ContextCore: GPU-Accelerated Context Memory for On-Device AI Agents
We built ContextCore to manage conversation context on Apple Silicon without cloud or battery drain. Four-tier memory, Metal shaders, 63M chunks/sec, sub-5ms p99.
We built ContextCore to solve a specific problem: on-device AI agents running on Apple Silicon need to manage conversation context within a fixed token budget, without cloud, without killing battery, and without perceptible latency. The approach uses a four-tier memory architecture backed by Metal compute shaders that score, rank, and compress context at 63 million chunks per second, delivering sub-5ms p99 window construction.
The Problem Space
Modern AI agents forget things. As your conversation grows, early turns drop out of the model’s attention window. The standard fix, stuffing more tokens into context, costs money, adds latency, and hits model limits. Vector databases help, but they’re still retrieval over compressed windows the model has to attend to.
The insight driving the design: context management is not a retrieval problem. It’s a scoring and packing problem. Every memory chunk competes for a fixed token budget, and the goal is to select and order chunks so that the model’s attention lands on the most useful content.
LLMs have fixed context windows, 128K for Claude, 200K for GPT-4 Turbo, 8K-32K for on-device models. But the real constraint isn’t the model’s maximum context. It’s the effective context: the portion of the window where the model reliably pays attention. Research by Liu et al. (2024) shows that content at the beginning and end of long contexts receives disproportionate attention, while middle content is frequently underweighted.
So we had to solve two things at once: what to include, and how to order it so important content falls in high-attention positions.
On-Device Constraints
Running on Apple Silicon imposes specific constraints that cloud deployments don’t have:
| Constraint | Implication |
|---|---|
| Thermal budget | Sustained GPU utilization causes throttling. Operations must be fast and efficient. |
| Memory bandwidth | Moving data between CPU and GPU is expensive. Buffer reuse matters. |
| Battery | Background compute is visible to users. Discrete GPU not available. |
| No cloud fallback | Everything must run locally, including embedding models. |
The M2 Pro in a MacBook Air can sustain about 20W. That meant we had to build the whole window in under 5ms; fast enough that users never noticed the overhead.
Why Not Just Use a Vector DB?
Vector databases (Pinecone, Weaviate, Qdrant) are good at what they do: approximate nearest-neighbor retrieval over large embedding spaces. But they solve a different problem than context management. Vector DBs retrieve; they don’t pack. You still need to decide how to fit retrieved chunks into a token budget. They don’t understand memory hierarchy: a fact from last week and a turn from this morning are equally “nearest” to your query, but they should be treated differently. And even with HNSW indexes, the scoring step runs on CPU; and network round-trips add milliseconds even on localhost.

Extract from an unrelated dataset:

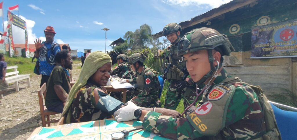Sinak Puncak // nusantararaya.com / PenKoopsTNI – Satuan Tugas Batalyon Infanteri (Satgas Yonif) Raider 323/Buaya Putih Kostrad, salah satu Satuan Jajaran Komando Operasi TNI (KOOPS TNI) di Papua, tengah melaksanakan tugas Operasi Pengamanan Perbatasan Mobil RI-PNG, di wilayah Kabupaten Puncak, Provinsi Papua Tengah. Pada hari Selasa, 30 Juli 2024, Satgas Yonif 323 Kostrad, khususnya Pos Sinak pimpinan Mayor Inf Firman, mengundang warga masyarakat dari Kampung Gigobak, Distrik Sinak, Kabupaten Puncak, untuk mengikuti kegiatan pelayanan kesehatan gratis.

ContextCore performs scoring, ranking, compression, and packing in a single synchronous pipeline, all on the GPU.
Architecture
Four-Tier Memory
ContextCore maintains four distinct memory tiers, each with different semantics:
Episodic (Tier 1) stores raw conversation turns. This is the primary source of context; every user message and assistant response goes here. Episodic chunks have moderate retention scores that decay over time and get penalized when duplicates are found during consolidation.

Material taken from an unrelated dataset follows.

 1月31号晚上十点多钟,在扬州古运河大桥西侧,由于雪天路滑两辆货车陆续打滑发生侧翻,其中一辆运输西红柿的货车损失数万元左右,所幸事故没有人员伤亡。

Semantic (Tier 2) stores consolidated facts extracted during background consolidation. When episodic chunks are identified as near-duplicates, the shorter one is promoted to semantic memory with a higher retention score. Semantic memory is queried alongside episodic memory but with a longer half-life (90 days vs 7 days).

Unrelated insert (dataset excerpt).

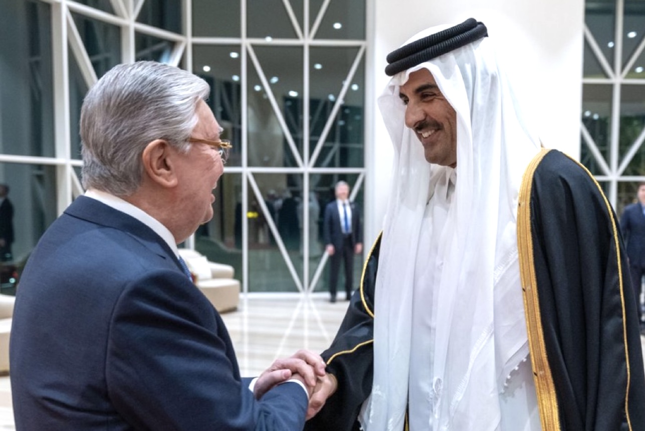 تقدم حضرة صاحب السمو الشيخ تميم بن حمد آل ثاني أمير البلاد المفدى، مستقبلي فخامة الرئيس قاسم جومارت توكاييف رئيس جمهورية كازاخستان الصديقة، لدى وصوله والوفد المرافق مساء اليوم الصالة الأميرية بمطار حمد الدولي، في زيارة دولة للبلاد.

Procedural (Tier 3) stores tool-usage patterns keyed by task type. If the user has asked the agent to refactor code three times, procedural memory remembers the tool sequence used. This tier is small (1000 patterns max) and is scored by recency and frequency.
Recent Turns (Tier 4) is a pinned buffer of the N most recent turns (configurable, default 3). These are always included in context regardless of relevance scoring. They handle the recency bias that pure relevance scoring doesn’t capture well.
When buildWindow(currentTask:maxTokens:) is called, the current task is embedded and scored against all episodic and semantic chunks:
score_i = relevanceWeight × cosine_similarity(task_embedding, chunk_embedding)
+ recencyWeight × recency_weight(chunk)
Default weights: 70% relevance, 30% recency. Recency is computed as exponential decay with a configurable half-life (default 7 days for episodic, 90 days for semantic):
recency_weight = exp(-ln(2) × age_seconds / halfLifeSeconds)
The Attention Centrality Problem
Naive relevance scoring clusters. If the user has been debugging Swift concurrency for the last hour, every relevant chunk will be about actor isolation and sendable conformance. The result: the context window fills with near-duplicate content and the model loses visibility into earlier topics.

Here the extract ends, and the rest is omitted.